Wednesday, August 29, 2007

feeling understood...

Two days ago we went for a Neurology appointment. Ezzy has them every six months, a check up, making sure he is getting as much assistance as possible. We really like his Doc and I always come prepared with a list of questions to ask and advice to learn. This last trip was a nice "get away" for Edwin and I. We had the two boys with us, and the girls were at Nana and Papa's, thanks! :) It is always nice to have the three hour drive there and back to chat and visit...I am so blessed that he works so hard preparing to be able to take the day with his family and that his job is flexible, allowing him to have time with his family.

As we were strolling through the hospital, I had a feeling overwhelm me, hard to explain, but I will try. While waiting in the waiting room, many parents and kiddos were patiently waiting to be seen. My hubby is always so friendly and chats it up with the kiddos that are near us. I smile and look at the moms. We kinda do a "glance" at each other's child and then kindly look back at each other, a "understood" smile is exchanged and I pray for the right words to come out of my mouth if our encounter leads to a vocal interaction. You see, even though no words have yet been said, we both have already "talked", an exchange of feelings understood and accepted. The Lord does bring about times when I am able to share the blessing of Ezzy's life, but sometimes it is only a smile exchanged. It is a good feeling to be understood and not feel like everyone is starring at your son. Being there kinda feels like you are part of a "club".

When I am there at Children's Hospital, I see a lot of sad things, often I see sick little kiddos being so lovingly cared for by mom and dad...and then poof, I am reminded of how blessed we are to have Ezzy, who does not suffer from being sickly, he is not dying, he is not on the verge of anything "bad" any more than a kiddo running down the sidewalk. Seeing these families puts my whole outlook on raising Ezzy into perspective. I am thankful for the reminder of how blessed we are.

On a note of update: Ezzy is doing wonderful, alert and responding to life all around him more and more! He is "smiling" more and I love to see him respond to his beloved family members. He is a tiny little guy and so we need to look into how we can "beef" him up :) I have a long list of calls to be making in order to set appointments up for him. I am thankful for the grace of God, His perfect strength that re-fuels my soul as I take it one day at a time...

8 comments:

Loving Life said...

Refresing Liz. Thats how this blog made me feel.
There is such 'rest' when with other families who walk the same path as you. We will be praying for you in all your upcoming appts with sweet EzMan. Gosh, we love that little boy! It's amazing how praying for someone can cause such an emotional bond!

Liz Ferguson said...

Liz, I so enjoy your perspective. Your family is such a blessing. I am glad you were able to have the time away and make the most of it. What a wonderful feeling to be in the presence of families that truly understand.

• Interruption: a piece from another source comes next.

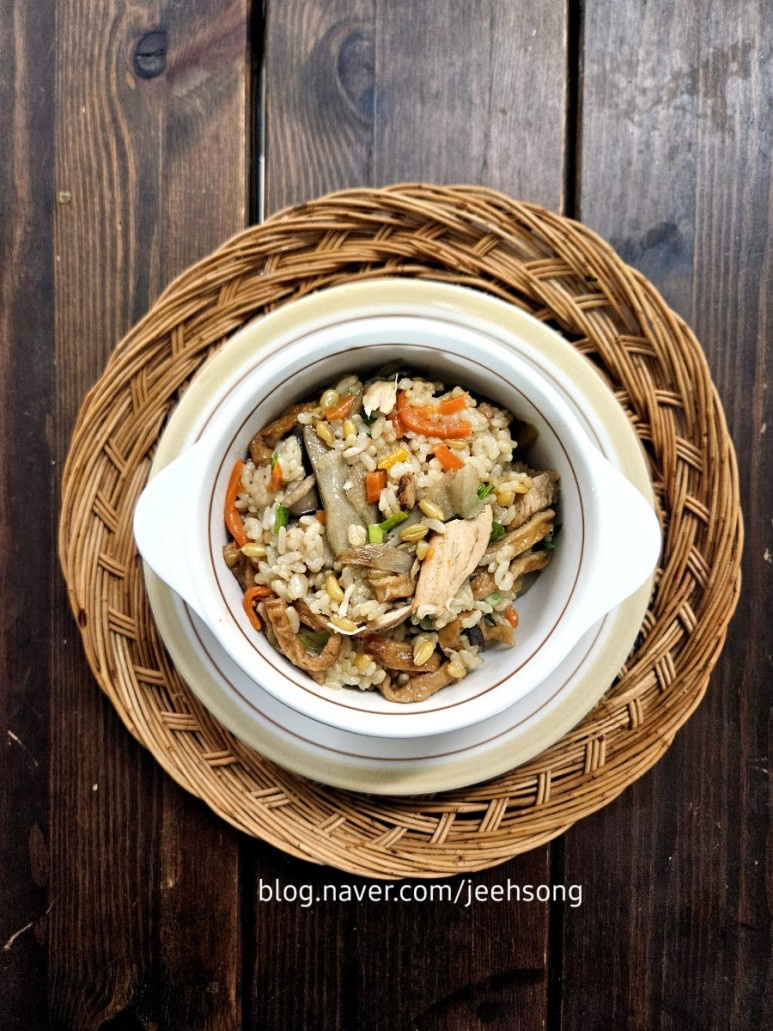 Los platos de arroz nutritivos, como el ‘sot-bap’ (arroz cocido en olla) o el ‘nabe-bap’ (arroz cocido en cacerola), son fáciles de preparar en casa. ¡Puedes obtener resultados igualmente deliciosos usando una olla a presión! Esta receta es perfecta para una comida completa y saludable en un solo tazón, destacando el sabor profundo y sabroso de la raíz de bardana combinado con una mezcla de verduras y proteínas.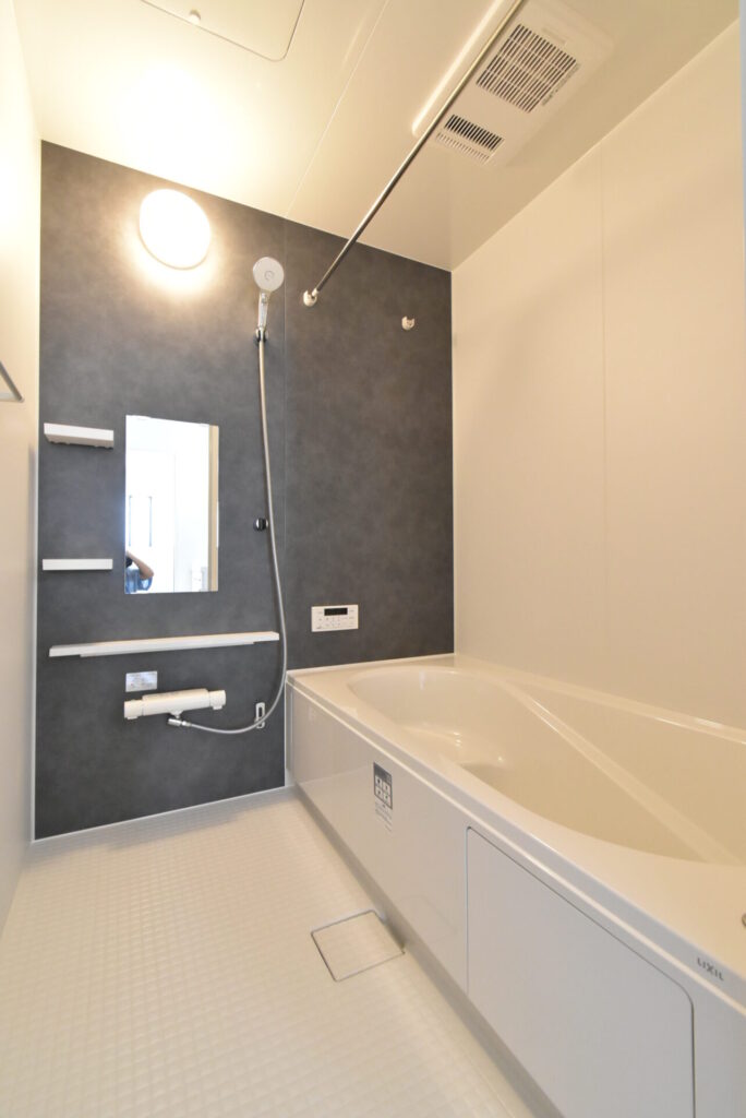 浴室乾燥機付きの浴室。浴室乾燥機能と換気の機能を併用すれば、浴室を素早く乾かせるので、カビの発生も効果的に防ぐことができますよ。

Thank you for sharing. Your family is in our prayers. I put a picture of your family in our prayer box so the kiddos can be involved in praying for sweet Ezra. In fact Anna loves to look at Ezra's blog with me.

God bless!
Elizabeth

Barbie @ Mamaology said...

I'm always so thankful when the Lord puts things in perspective for me. And I can only imagine the feeling of being understood by the other moms.

BTW thanks for such a sweet comment on my blog... I too think we are here to spur one another on:) Too bad it couldn't be in person, I have a Mom time once a month where friends get together at my place. Wish I could invite you.... but maybe will just have to wait until heaven to truly meet:)

Ivey's Mom said...

Liz,
I guess you could say that we have already exchanged 'the look' - which I know much too well. I am glad to hear your words. They come straight from my heart. It's tough, yet comforting, when I sit in our Children's Hospital and look at the other parents. Some days I am thankful to be there when it feels like Ivey is 'normal' amongst her peers. She doesn't get the same stares. You are right, we have healthy kids and it is a true reminder to how fortunate we all are.

If you get any good advice about 'beefing' him up, pass them this way.
Love to you guys-
Gwen

Ginger said...

Our son Brett was born with a Club Foot and required several surgeries and still has lots of Dr.'s appts, and PT appt.s. Every time we made the trip up to Shriners I came away so blessed. I know 'the look'. I understand the perspective gained from seeing the hurt other parents are going through. And FYI - whenever I'm blue, I watch your video of your daughter dancing with Ezzy and it picks me up. He will not faint and he won't grow weary! Thanks for sharing your heart! You and your family are such a blessing!

Julie Shaw said...

I LOVE HEARING ABOUT EZRA

Kim said...

What a wonderful perspective. I loved reading this...and you are blessed! Greatly!

Monika said...

I feel the same way about Rebecca, even though she is a 2 1/2 year old who is unable to roll over, sit, walk or talk, is blind and totally dependent on us for everything, I praise God that she is HEALTHY, has never once been sick in the hospital as so many other kids have. Despite our days of sadness, frustration, and questions of "why God?", I am so often reminded of how truly blessed we are to have her in our lives, and she is teaching us and other people so much.